I was shocked. Who knew my friends were such humanitarians? Has Obamacare made it un-P.C. to be concerned by a serious burden on my family’s well-being?

Ms. Gottlieb labors under the misapprehension that her friends who have group policies won’t suffer the same fate–and that’s what her friends think, too:

Frustrated, I observed to one friend who was covered through her work that when an issue didn’t affect people directly, they became “theoretically generous.” Ask them to donate several thousand dollars so that the less fortunate can have medical insurance — which is exactly what President Obama is asking me to do — and I’ll bet they’d change their tune about “ending inequality” and “creating fairness” and “doing what’s good for the country.”
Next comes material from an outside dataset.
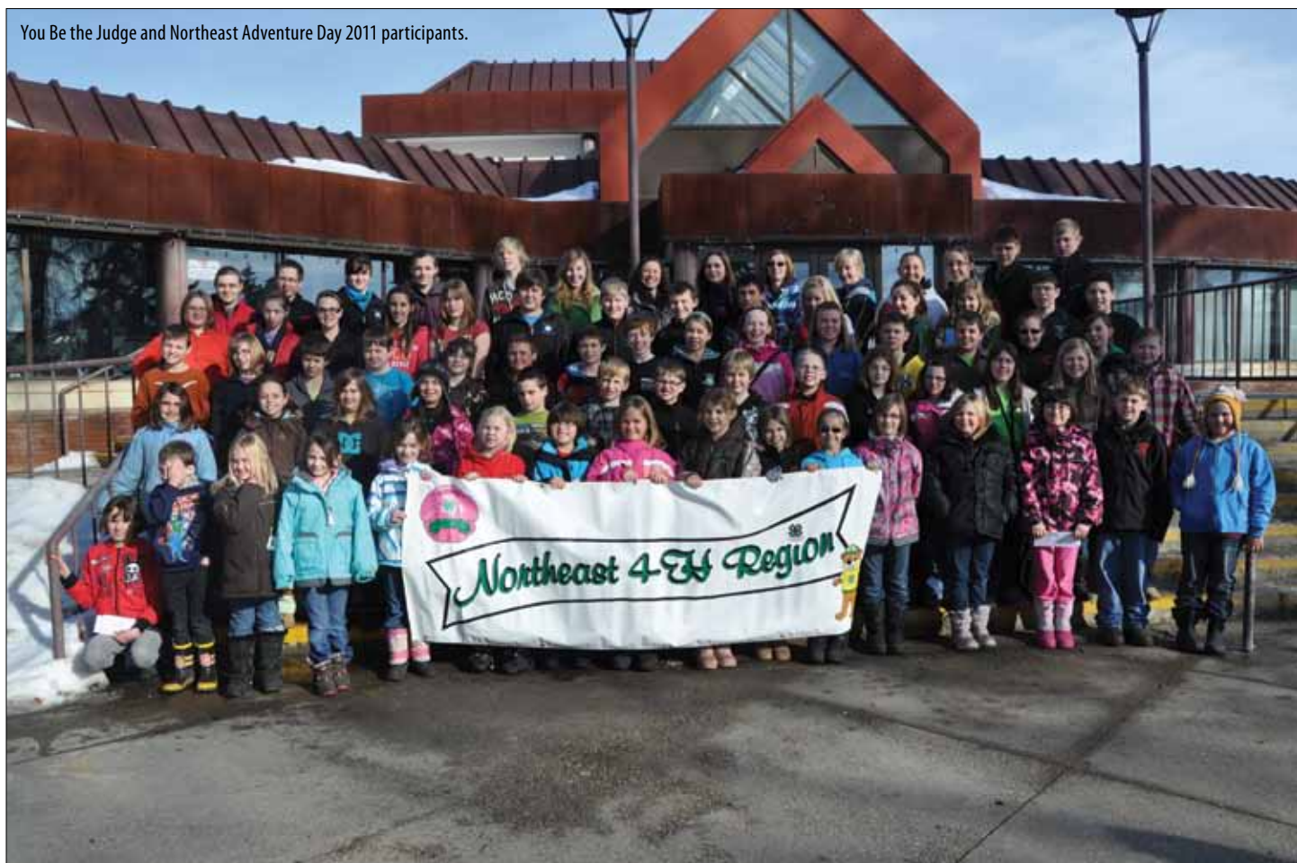
You Be the Judge and Northeast Adventure Day 2011 participants.

During the NE Adventure day, the members were treated to the Project Display competition that is open to all members to enter. Everyone in attendance was allowed to judge the project

This is especially appalling:

Like Bridget Jones’s “smug marrieds,” the “smug insureds” — friends who were covered through their own or spouses’ employers or who were grandfathered into their plans — asked why I didn’t “just” switch all of our long-term doctors, suck it up and pay an extra $200 a month for a restrictive network on the exchange, or marry the guy I’m dating. How romantic: “I didn’t marry you just to save money, honey. I married you for your provider network.”

Talk about a war on women! Ms. Gottlieb thinks (like her friends) that in being screwed by Obamacare, she belongs to a minority:

President Obama doesn’t care much about the relatively small percentage of us with canceled coverage and no viable replacement. He keeps apologizing while maintaining that it’s for the good of the country, a vast improvement “over all.”
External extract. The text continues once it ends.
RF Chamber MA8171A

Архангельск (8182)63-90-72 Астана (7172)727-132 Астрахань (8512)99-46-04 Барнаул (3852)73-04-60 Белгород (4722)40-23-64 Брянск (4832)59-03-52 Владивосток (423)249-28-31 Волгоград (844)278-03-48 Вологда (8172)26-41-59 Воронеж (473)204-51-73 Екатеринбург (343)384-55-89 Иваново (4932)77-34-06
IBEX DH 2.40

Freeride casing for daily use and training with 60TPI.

And the “over all” might agree. But the self-employed middle class is being sacrificed at the altar of politically correct rhetoric, with nobody helping to ensure our health, fiscal or otherwise, because it’s trendy to cheer for the underdog. Embracing the noble cause is all very well — as long as yours isn’t the “fortunate” family that loses its access to comprehensive, affordable health care while the rest of the nation gets it.

But, as we pointed out here, and many times thereafter, it isn’t just the self-employed middle class that will lose the insurance coverage it likes because of Obamacare. Rather, the Obama administration has estimated that as many as 69% of Americans who have group coverage through their employers will lose that coverage. That is slated to happen next year, because of Obama’s illegal delaying of the employer mandate for 12 months. Gottlieb and her friends are probably unaware of this because they rely on the New York Times for their news, and the Times is helping Obama to perpetrate his five percent lie.

But just wait: Lori Gottlieb is about to have the last laugh! Because those Facebook friends who tell her to suck it up and pay more to help the less fortunate–most of them, anyway–will soon have the opportunity to pay more for less coverage themselves. Then we will find out whether they still think Obamacare is a noble experiment.

UPDATE: I see that Scott and I were working on posts on this op-ed at the same time; Scott’s is here. Great minds, as is so often the case, think alike, although always with a different twist.